◆ What this task involves:
Return the listing below exactly as it stands. Pictures stay out.

== Segment start ==

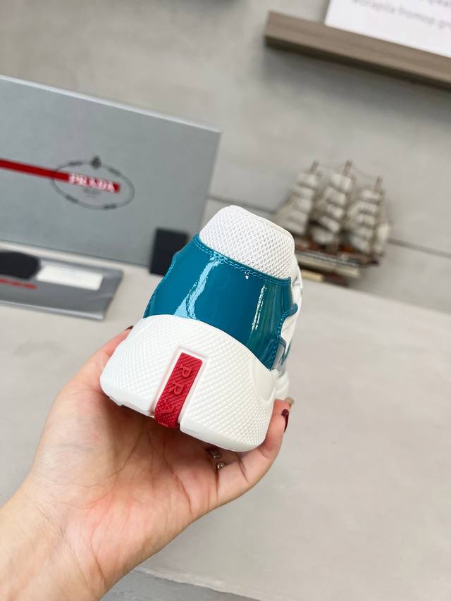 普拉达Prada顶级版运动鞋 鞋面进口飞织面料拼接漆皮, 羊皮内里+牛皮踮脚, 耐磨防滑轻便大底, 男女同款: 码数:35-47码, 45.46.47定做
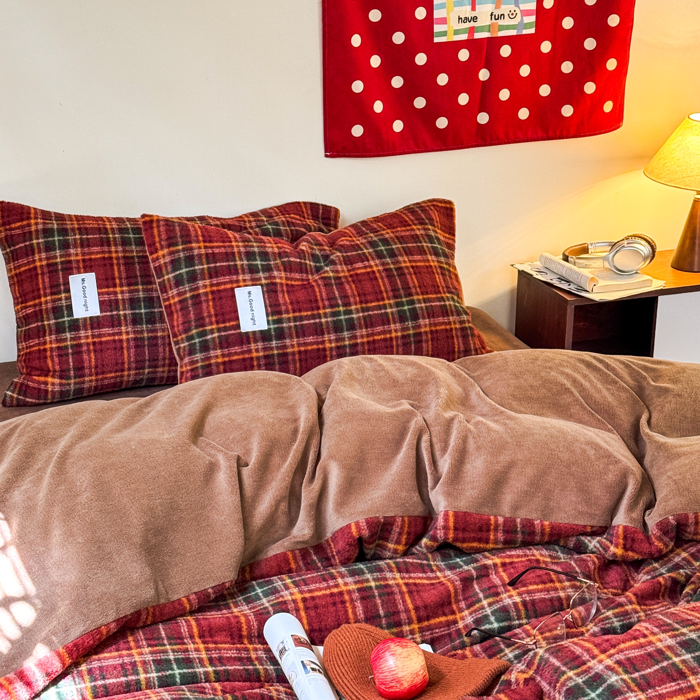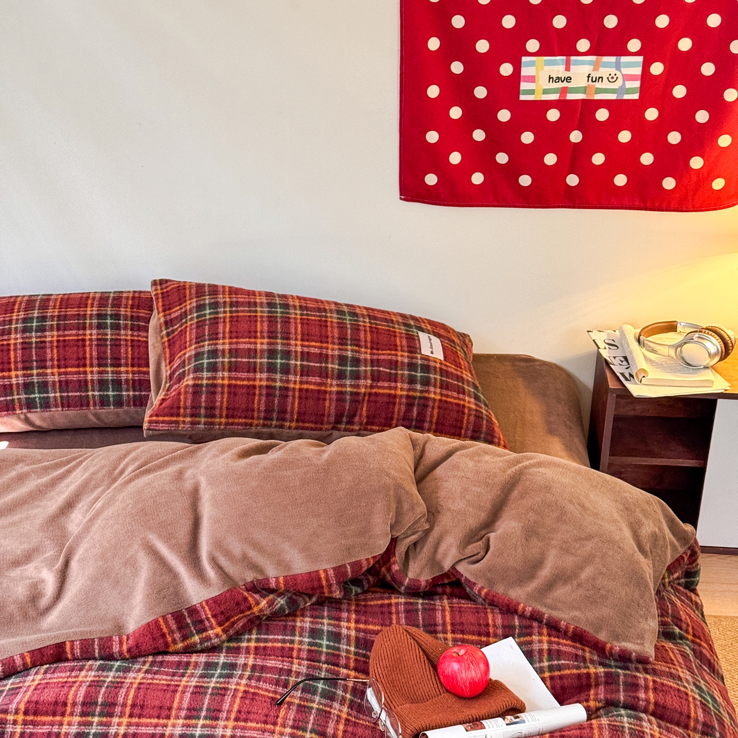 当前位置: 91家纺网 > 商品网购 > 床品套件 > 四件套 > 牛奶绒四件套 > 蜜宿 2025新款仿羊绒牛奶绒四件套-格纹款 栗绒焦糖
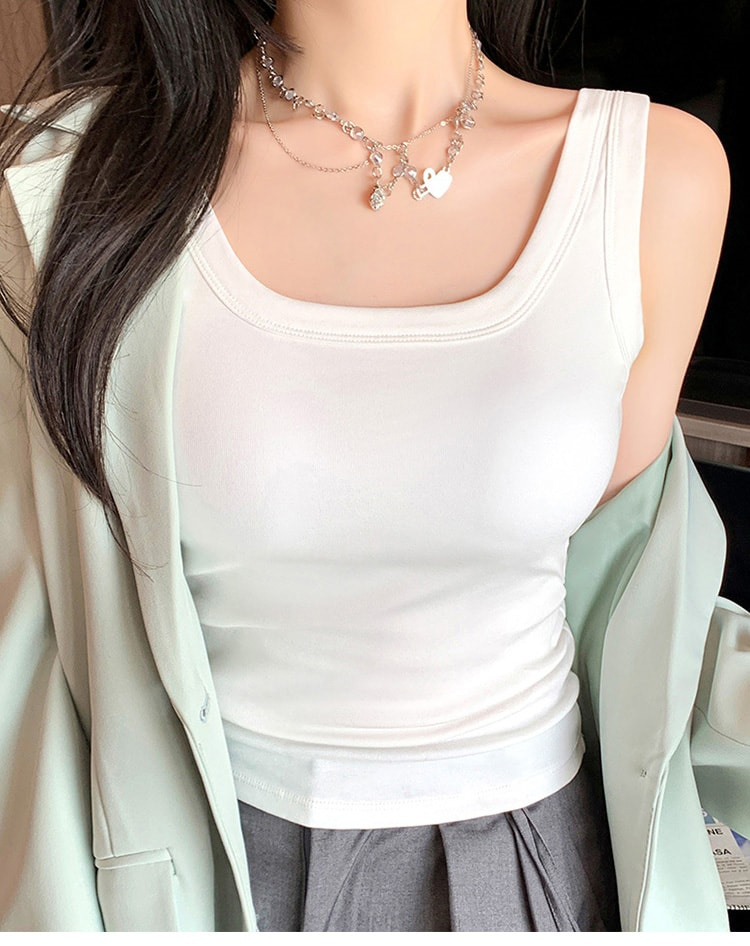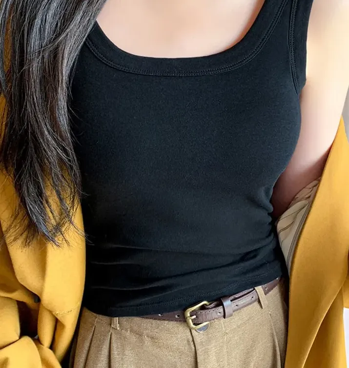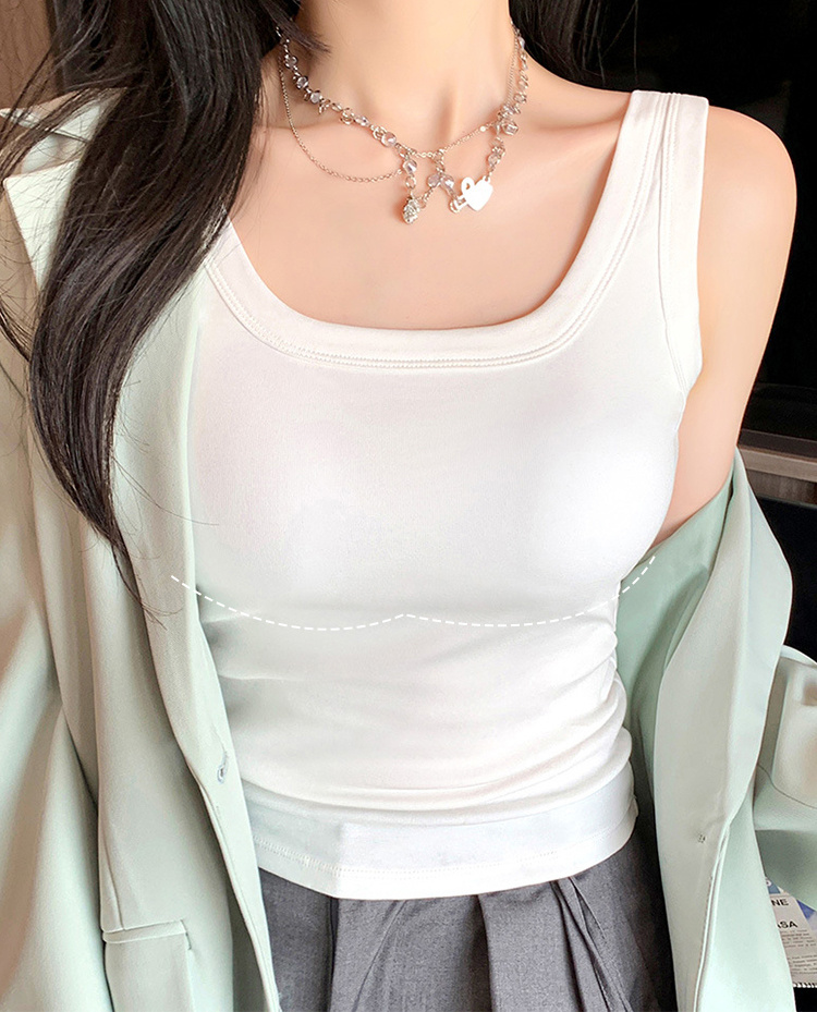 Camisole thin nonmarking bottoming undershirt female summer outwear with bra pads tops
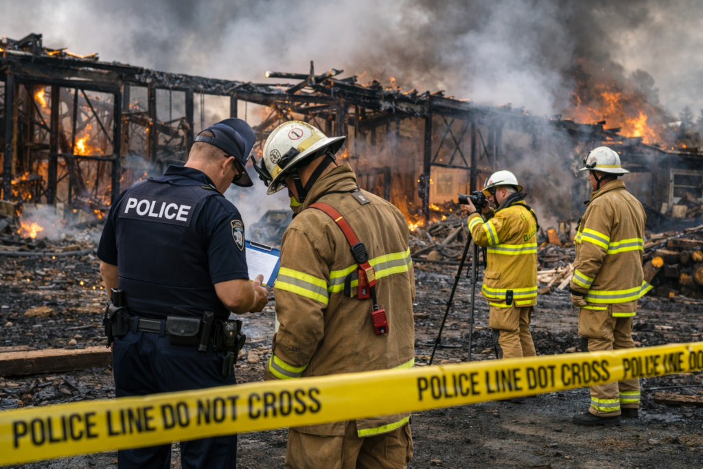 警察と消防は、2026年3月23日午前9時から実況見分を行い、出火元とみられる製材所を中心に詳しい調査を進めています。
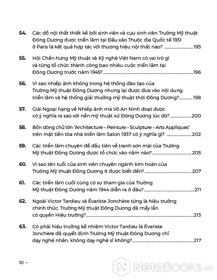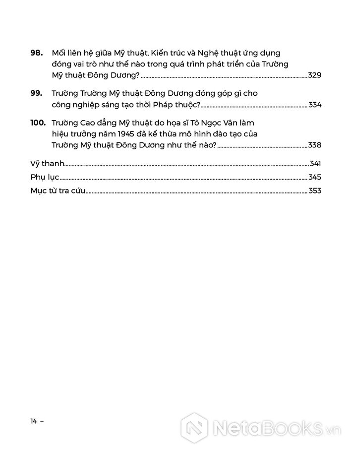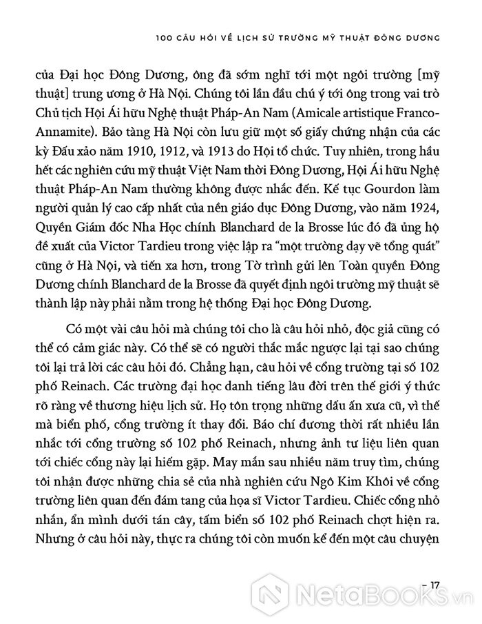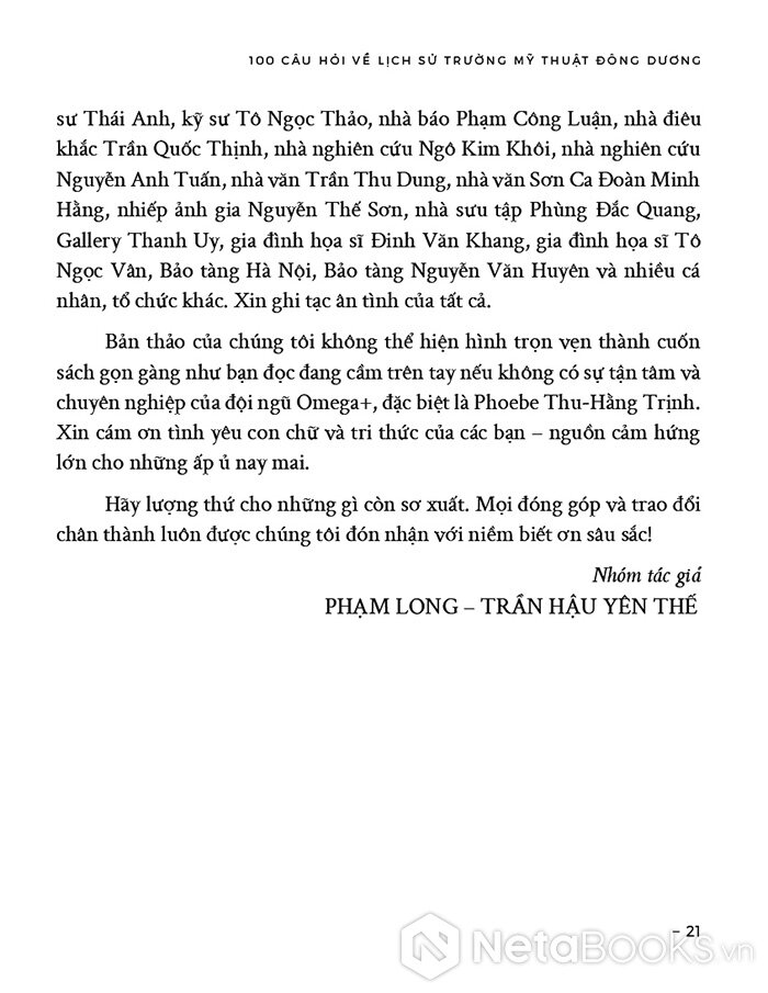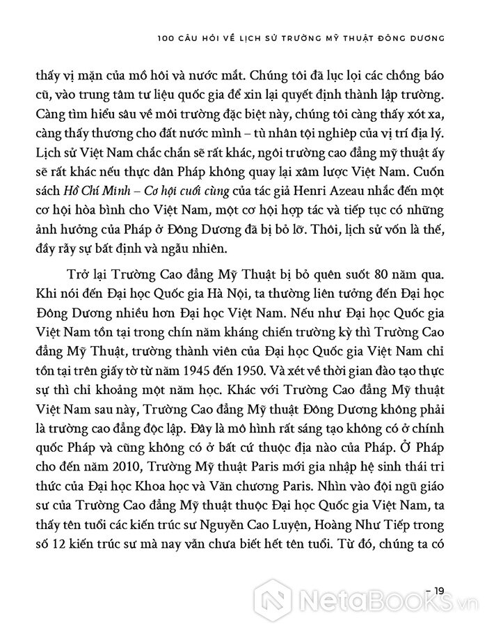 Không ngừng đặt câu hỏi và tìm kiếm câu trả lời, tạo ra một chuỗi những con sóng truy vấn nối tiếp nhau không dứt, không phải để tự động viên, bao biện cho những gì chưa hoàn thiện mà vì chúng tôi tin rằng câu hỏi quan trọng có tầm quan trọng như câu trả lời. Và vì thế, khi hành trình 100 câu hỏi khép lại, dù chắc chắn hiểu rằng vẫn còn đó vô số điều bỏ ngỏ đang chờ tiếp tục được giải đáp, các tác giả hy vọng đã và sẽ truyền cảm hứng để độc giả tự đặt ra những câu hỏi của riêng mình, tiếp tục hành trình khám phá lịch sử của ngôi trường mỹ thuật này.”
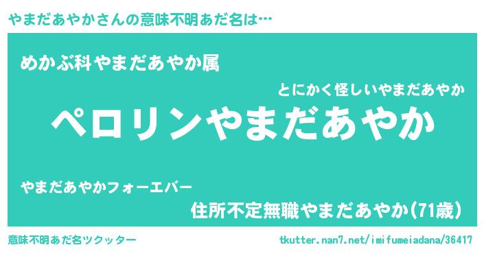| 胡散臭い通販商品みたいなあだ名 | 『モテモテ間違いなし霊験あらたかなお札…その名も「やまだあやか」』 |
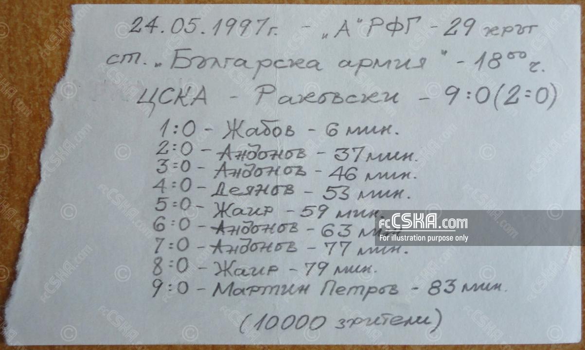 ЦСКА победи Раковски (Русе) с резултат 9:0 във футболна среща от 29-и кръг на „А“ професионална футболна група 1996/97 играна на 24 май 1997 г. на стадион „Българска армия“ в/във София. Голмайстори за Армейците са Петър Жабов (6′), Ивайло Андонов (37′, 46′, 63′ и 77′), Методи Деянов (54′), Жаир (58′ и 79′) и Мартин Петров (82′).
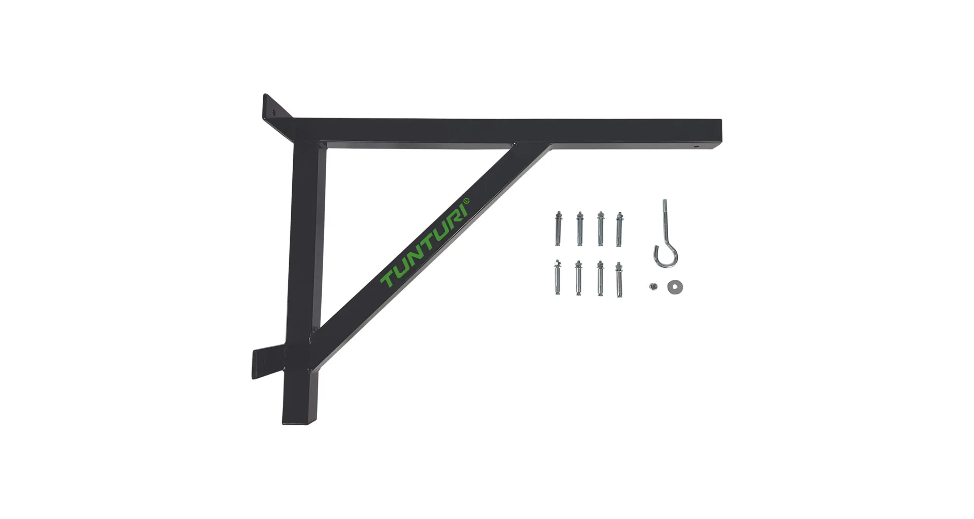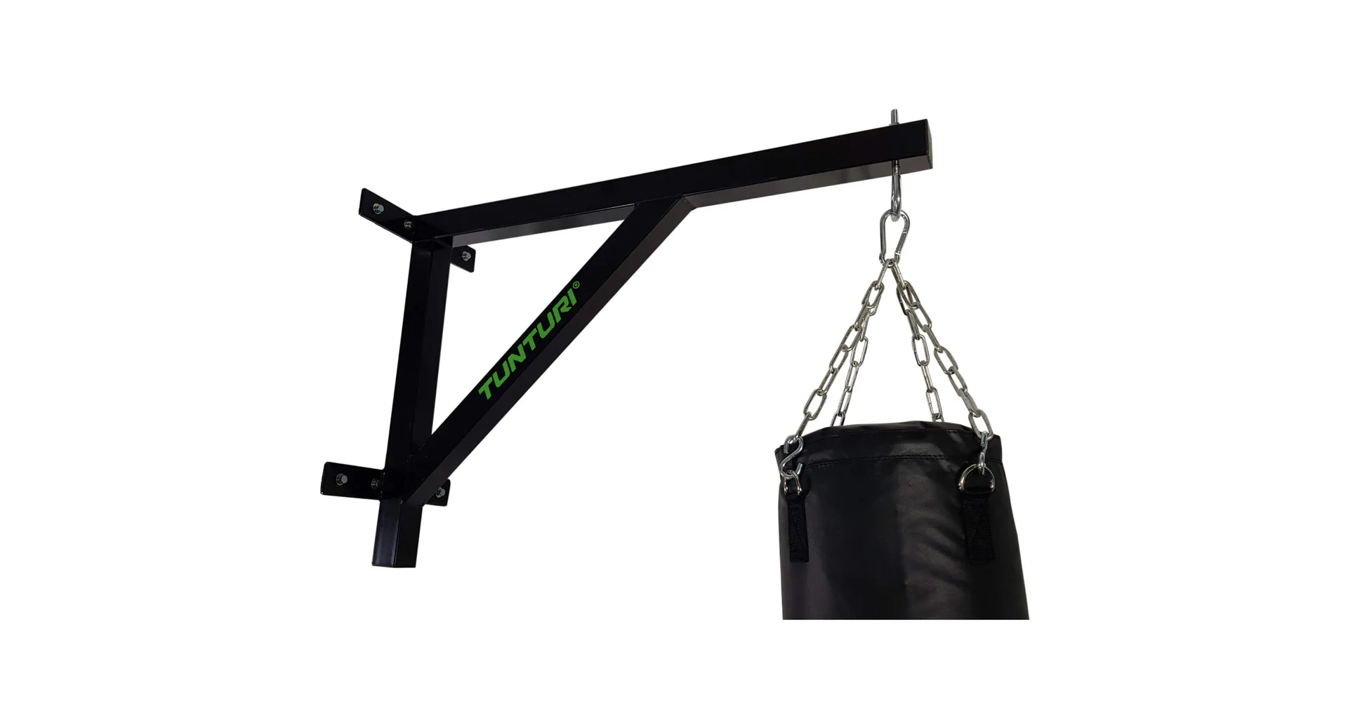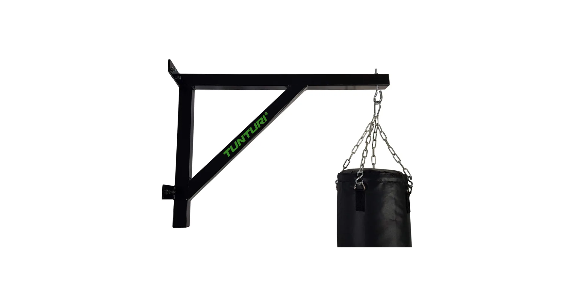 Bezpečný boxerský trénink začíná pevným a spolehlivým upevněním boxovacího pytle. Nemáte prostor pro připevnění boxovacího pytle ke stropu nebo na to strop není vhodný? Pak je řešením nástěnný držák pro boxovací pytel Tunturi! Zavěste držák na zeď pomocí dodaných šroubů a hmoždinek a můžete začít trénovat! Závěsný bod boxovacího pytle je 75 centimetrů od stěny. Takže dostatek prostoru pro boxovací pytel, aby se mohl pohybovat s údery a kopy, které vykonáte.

== Segment end ==

◆ Response to this task:
 普拉达Prada顶级版运动鞋 鞋面进口飞织面料拼接漆皮, 羊皮内里+牛皮踮脚, 耐磨防滑轻便大底, 男女同款: 码数:35-47码, 45.46.47定做
 当前位置: 91家纺网 > 商品网购 > 床品套件 > 四件套 > 牛奶绒四件套 > 蜜宿 2025新款仿羊绒牛奶绒四件套-格纹款 栗绒焦糖
 Camisole thin nonmarking bottoming undershirt female summer outwear with bra pads tops
 警察と消防は、2026年3月23日午前9時から実況見分を行い、出火元とみられる製材所を中心に詳しい調査を進めています。
 Không ngừng đặt câu hỏi và tìm kiếm câu trả lời, tạo ra một chuỗi những con sóng truy vấn nối tiếp nhau không dứt, không phải để tự động viên, bao biện cho những gì chưa hoàn thiện mà vì chúng tôi tin rằng câu hỏi quan trọng có tầm quan trọng như câu trả lời. Và vì thế, khi hành trình 100 câu hỏi khép lại, dù chắc chắn hiểu rằng vẫn còn đó vô số điều bỏ ngỏ đang chờ tiếp tục được giải đáp, các tác giả hy vọng đã và sẽ truyền cảm hứng để độc giả tự đặt ra những câu hỏi của riêng mình, tiếp tục hành trình khám phá lịch sử của ngôi trường mỹ thuật này.”
| 胡散臭い通販商品みたいなあだ名 | 『モテモテ間違いなし霊験あらたかなお札…その名も「やまだあやか」』 |
 ЦСКА победи Раковски (Русе) с резултат 9:0 във футболна среща от 29-и кръг на „А“ професионална футболна група 1996/97 играна на 24 май 1997 г. на стадион „Българска армия“ в/във София. Голмайстори за Армейците са Петър Жабов (6′), Ивайло Андонов (37′, 46′, 63′ и 77′), Методи Деянов (54′), Жаир (58′ и 79′) и Мартин Петров (82′).
 Bezpečný boxerský trénink začíná pevným a spolehlivým upevněním boxovacího pytle. Nemáte prostor pro připevnění boxovacího pytle ke stropu nebo na to strop není vhodný? Pak je řešením nástěnný držák pro boxovací pytel Tunturi! Zavěste držák na zeď pomocí dodaných šroubů a hmoždinek a můžete začít trénovat! Závěsný bod boxovacího pytle je 75 centimetrů od stěny. Takže dostatek prostoru pro boxovací pytel, aby se mohl pohybovat s údery a kopy, které vykonáte.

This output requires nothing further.